The constant can also take the form “!= 1111” meaning “must not equal 1111”. This check is always replicated in the ASL code so I discard that information for now.

            consts = ''.join([ c.text for c in b.findall('c') if c.text is not None ])

            # normalise constants: note that it discards != information
            # because it is better obtained elsewhere in spec
            if consts == "" or consts.startswith('!='):
                consts = 'x'*wd

Sometimes the XML splits a single field into two adjacent fields: typically one of the fields has a constant value. When this happens, the fields have a name like “reg<4:1>” and “reg<0>”. This is not very convenient for our purposes so I look for this pattern and merge them back into a single field called “reg”.

            # if adjacent entries are two parts of same field, join them
            # e.g., imm8<7:1> and imm8<0>
            m = re.match('^(\w+)<', nm)
            if m:
                nm = m.group(1)
                split = True
                if fields[-1][3] and fields[-1][2] == nm:
                    (hi1,lo1,_,_,c1) = fields.pop()
                    assert(lo1 == hi+1) # must be adjacent
                    hi = hi1
                    consts = c1+consts
                split = False


To finish off reading an encoding, we read the decode ASL and pick a good name for the instruction encoding.

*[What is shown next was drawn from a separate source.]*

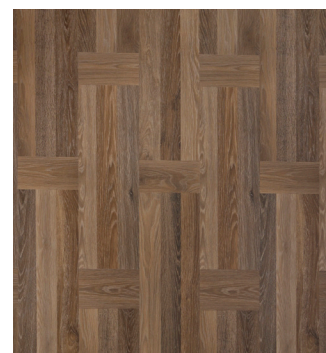
Hollænder Amsterdam Varenr.: 155055 DB nr.: 2257900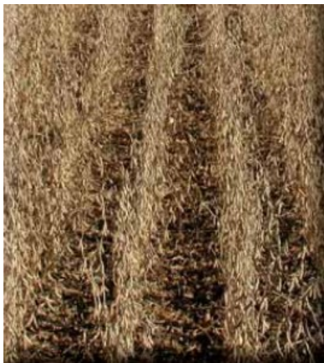
Slika 22. Sorta Ika

        dec_asl = readASL(iclass.find('ps_section/ps'))

        name = dec_asl.name if insn_set in ["T16","T32","A32"] else encoding.attrib['psname']
        encs.append((name, insn_set, fields, dec_asl))

Finally, the collection of the encodings, the postdecode ASL and the execute ASL are packaged up as an instruction named after the shared execute ASL.

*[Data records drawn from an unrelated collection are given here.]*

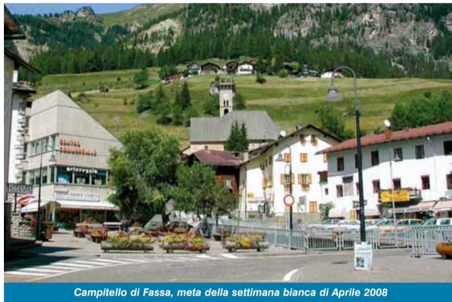
Campitello di Fassa, meta della settimana bianca di Aprile 2008

Il Tennis Club Lainate chiude l'anno rieleggendo il Consiglio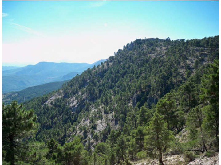
mons montis (m.): monte

"Al amanecer tuvo lugar la batalla debajo de la cima del monte".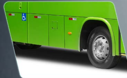
Conceito de saia reta.

    return Instruction(exec.name, encs, post, exec)

And to read all the instructions in a directory, we use the following code:

instrs = []
for d in args.dir:
    for inf in glob.glob(os.path.join(d, '*.xml')):
        name = re.search('.*/(\S+).xml',inf).group(1)
        if name == "onebigfile": continue
        xml = ET.parse(inf)
        instr = readInstruction(xml)
        if instr is None: continue

Sorting the shared code

Once you have extracted all the code, you are going to want to process it in some way. This will probably be easier to do if we arrange the ASL type and function definitions so that definitions always occur before their first use. So my script uses the dependencies that we extracted from the ASL to perform a topological sort of the code.

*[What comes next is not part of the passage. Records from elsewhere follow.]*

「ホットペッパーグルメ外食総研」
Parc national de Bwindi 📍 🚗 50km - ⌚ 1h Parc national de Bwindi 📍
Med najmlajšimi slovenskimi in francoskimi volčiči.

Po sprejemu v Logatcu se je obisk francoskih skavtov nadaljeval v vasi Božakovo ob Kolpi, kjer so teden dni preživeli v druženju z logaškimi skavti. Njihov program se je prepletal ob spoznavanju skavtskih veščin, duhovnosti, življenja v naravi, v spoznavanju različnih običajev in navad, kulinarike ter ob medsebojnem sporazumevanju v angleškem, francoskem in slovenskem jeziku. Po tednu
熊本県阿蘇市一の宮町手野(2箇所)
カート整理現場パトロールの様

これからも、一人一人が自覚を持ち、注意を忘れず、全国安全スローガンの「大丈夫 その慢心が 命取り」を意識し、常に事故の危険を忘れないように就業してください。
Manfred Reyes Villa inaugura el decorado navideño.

There are several modes it can work in:

  • Sort all the code. This will include code used by instructions but also code used when an interrupt occurs or an external debugger is attached.
  • Extract all the code that is used by AArch64 instructions. That is, instructions using the A64 encodings.
  • Extract all the code that is used by AArch32 instructions. That is, instructions using the A32 encodings.
  • Extract all the code used by AArch64 or AArch32 instructions.


I hope this is useful for those who want to make use of ARM’s Machine Readable Architecture specification. The files are designed to meet many different purposes so it is not always obvious which parts of them are useful for your purpose. This is why I thought it would be a good idea to write some scripts that actually extract the code instead of just writing about how I believe you can do it.

At work, I have access to the raw files from which the XML files are built so it has been a while since I have tried to extract the specification from the XML and it has been interesting seeing how much easier it is to use the XML files than it was when I first started using the architecture specs. (But there were some issues that I had to work around as well — search the script for the word “workaround” for details.)

I would really welcome contributions from other people:

  • I have a fairly narrow focus in what I want to do with the XML so my tools discard potentially useful information.
  • I am also not a native Python speaker — you can probably tell.
  • Many of the people who want to use the machine readable specification are much more comfortable with functional languages — translations are most welcome.

So if you have a suggestion for improving the scripts or you want other scripts, feel free to implement your suggestion and send me a pull request.


p.s., unpacking the tarballs and extracting the code is just the beginning. I am working with Cambridge University’s REMS research group to convert the ASL to their SAIL language from which you can generate O’Caml, LEM and HOL versions of the spec (with more backends planned).

And if the SAIL version does not suit your needs, then you might want want to know how to lex, parse, typecheck and execute ASL code yourself. I will describe those in future posts.

Written on April 29, 2017